What does your house smell like?
Often like burnt toast. I confuse well-toasted with over-toasted.

What does your house sound like?
My neighbors - their yappy dog and scheduled hanky panky (once a week, on Sunday).

What is dear to your heart?
My family. Blood and chosen.

What do you find most exciting in contemporary culture?
Being able to see things on my computer. Getting access to libraries this last year has been difficult (duh) but it's amazing to me how much has been scanned and archived. God bless the Bibliothèque nationale de France and the Met - so much material perfectly photographed and labelled.

What thoughts occupy you currently?
Is it bad to eat cheese at every meal?

What was the first piece of cultural work that really mattered to you?
Pingu, then Titian.
The last work that mattered to me is a large hanging almanac by a young artist that my sister Alma introduced me to. He’s called Simone Carraro and he just graduated from the art school in Venice. Simone uses a lot of folklore and medieval imagery in his work. He's interested in the Venetian lagoon—its history, structure and what it gives/takes from the city. For the calendar he painted a local custom/natural phenomenon for each month, for example the pesce go which are eaten in March and two cultish witches for October.

What do you still wish to learn?
How to predict what’s going to happen in a thriller.

What is still a mystery?
How it took until the early 15th-century for artists to work out correct linear perspective. Somebody pointed this out to me last year and when you think about it, it is amazing to think that it took us that long to get it right.
I am also confused by boys that eat burgers all day and don’t get fat. And people with unadulterated straight teeth.

Where is happiness found?
Noise-cancelling headphones.

What do you see outside your window?
In NY, primary school kids playing tag in the playground. They make nice chalk drawings too, which I can see from my bedroom window. In Rome, cobalt blue skies and the man in the window across from me who smokes a cigarette shirtless every morning.
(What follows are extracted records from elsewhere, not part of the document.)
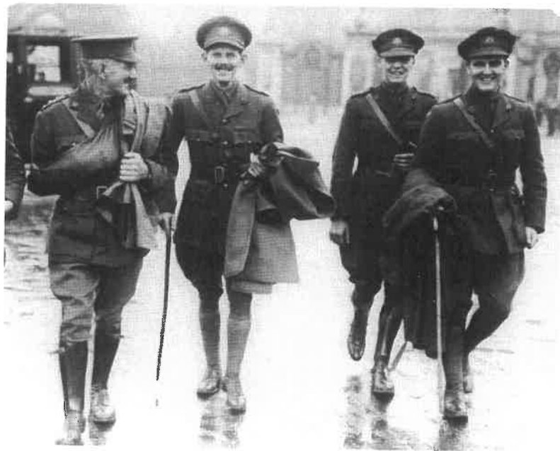
Figure 8 – Arthur Blackburn (second left) leaves Buckingham Palace after being presented with his VC by King George V, 1916.

The Anzac spirit is something intangible that is carried throughout life and reflected in everything you do. Not all battles are fought in the theatre of war. Arthur fought for many things throughout his life and by no means did he see it as an opportunity to distinguish himself. With only the outcome in mind, he undertook them with a sense of righteousness befitting the Anzac legend and its traditions. To do honour to the Anzac tradition is to be mindful of the words of Arthur Blackburn himself. Arthur said in the RSL newspaper 'Back' in 1947: "...let your thoughts be for those who died in the Anzac tradition, and let your deeds be worthy of them and the country which they and you served" 4 .
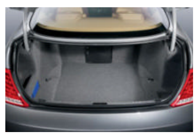
■ Luggage compartment (6 Series Coupe shown) is fully lined and easily accessible. Stow two golf bags and additional luggage with ease. Includes four lashing eyelets and side bins for safe storage of smaller items.
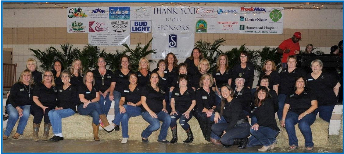
SI Homestead rocked the rodeo!
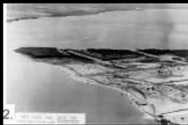
Yacht Basin Area April 1958
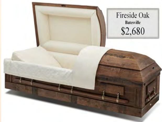
Fireside Oak Batesville $2,680
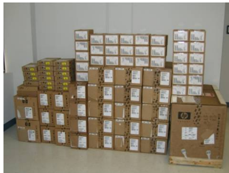
Figure 3B: The HP boxes after we brought them up to our lab.
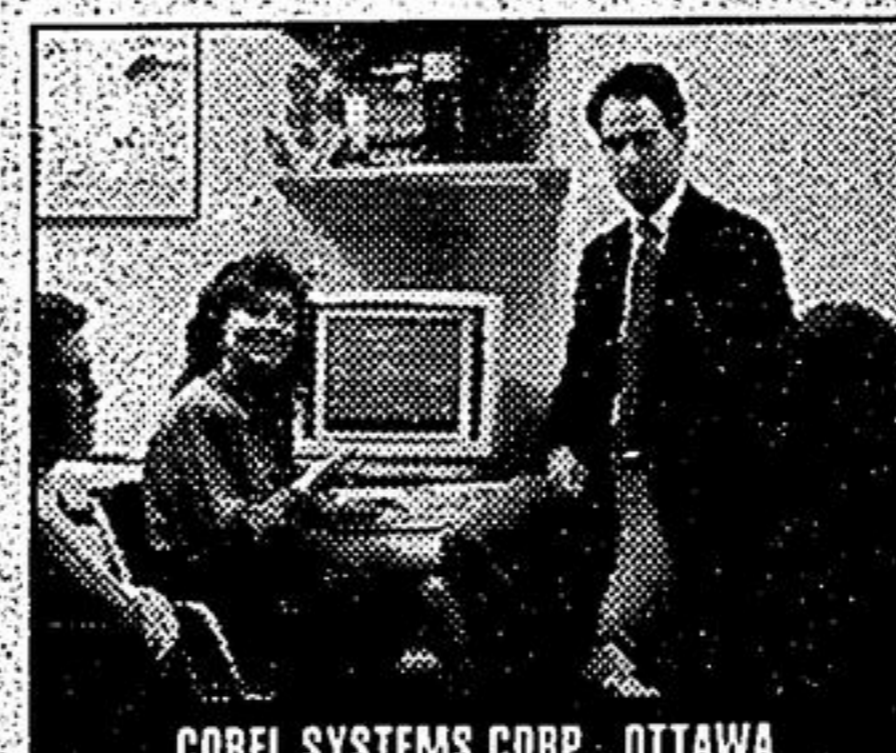
COREL SYSTEMS CORP., OTTAWA

Send registration to: 602 Rupert Ave., Stouffville, Ont. L4A 1W1

What do you find humorous?
The stories that children come up with.

What are you working on at the moment?
I started a non-profit a few months ago with my friend/artist Oscar Tiné. We asked eight NY-based artists to donate works to benefit local charities of their choice. Lorna Simpson made a collage to support Until Freedom, an incredible social justice organization that advocates and works to address systematic and racial injustice. Stephen Shore‘s photo of an NY diner will benefit in-need students in the photography program at Bard College. Hiroshi Sugimoto, Louise Lawler, Rirkrit Tiravanija, Rachel Rose, Kembra Pfahler and Pamela Hanson are also all participating in our initiative. They each selected a local charity dear to them and showed incredible generosity by donating works to benefit these great NY causes.
Oscar and I started working on ARTISTS SUPPORT when Covid hit and we wanted to help our city. We wanted to do something 100% charitable and we are so lucky that some of our heroes wanted to take part. Our NY sale closes next month and we're bringing the project to London and LA next.